Commonly, debris flow deposits are found immediately overlying burn horizons and
wildfire-related charcoal fragments, suggesting a strong causal relationship between fire
frequency and fan formation. Radiocarbon dating of charcoal deposits from three fans
provides chronologic control on the timing and rates of sediment deposition. Radiocarbon
dates of 1930 ± 40 14C yr BP (BETA-232604) and 460 ± 40 14C yr BP (BETA-232603)
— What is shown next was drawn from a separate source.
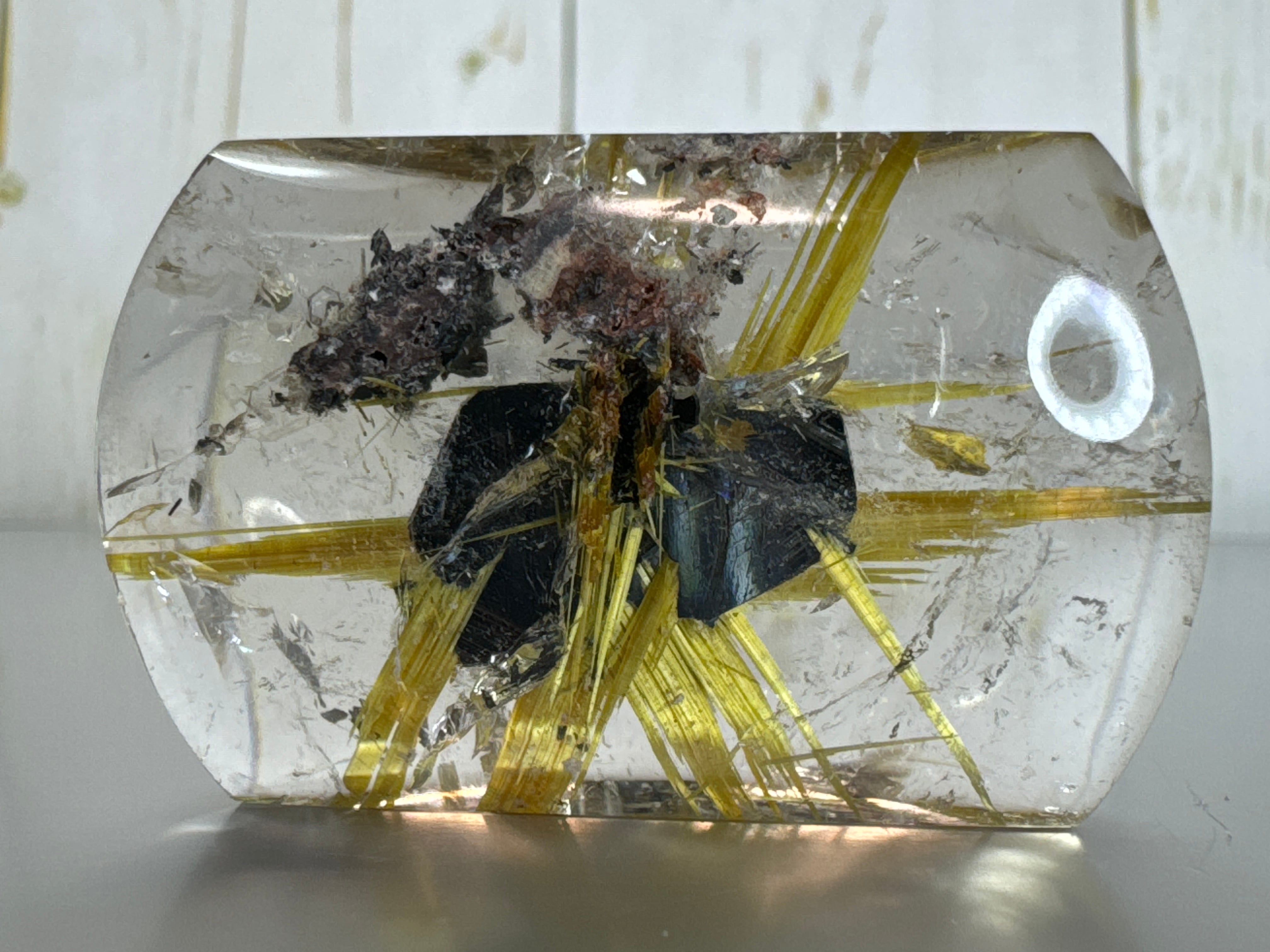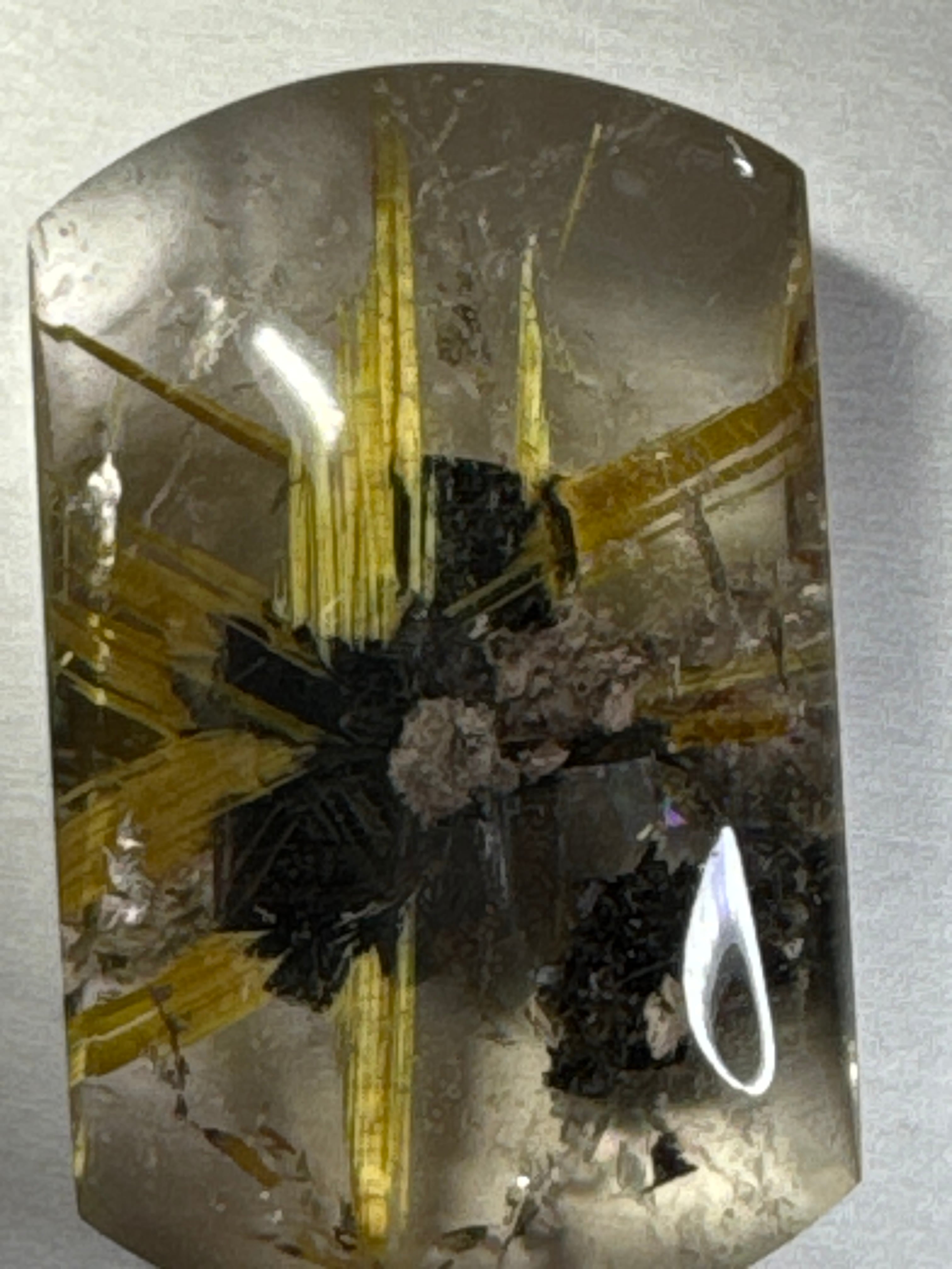 このタンブルはご覧の通り、夜の瞳と言われるヘマタイトから勢いよく八方に金針が伸びています。

retrieved from charcoal-stained alluvial sediment in fan LIC-4 suggests that over 5.5 m of
debris flow sediment has accumulated on the fan in the past ~2000 calendar years, and as
much as 4 m of sediment accumulated in the past ~500 calendar years. Similar
radiocarbon dates of 1570 ± 40 14C yr BP (BETA-232607) from RIC-1 and 280 ± 40 14C
yr BP (BETA-232609) from RIC-2 indicate that as much as 2.7 m of sediment has
accumulated on RIC-1 in the past ~1440 calendar years and as much as 2.9 m of
sediment has accumulated on RIC-2 in the past 380 calendar years. These data are
significant for land-management in this setting, considering that the current development
plan for natural gas resources on National Forest land is preferentially locating drilling
platforms on alluvial fan surfaces. A total of 20 radiocarbon dates have been accumulated
from five fans; over half of these dates cluster into a time period from 1000 to 300 14C yr
BP. This suggests that climate variability exerts control on fire regime, which is then
reflected in debris flow frequency. The period of frequent fires documented by these data
corresponds to a period of smaller than modern bankfull floods previously documented in
the adjacent Uinta Mountains (Carson et al., 2007).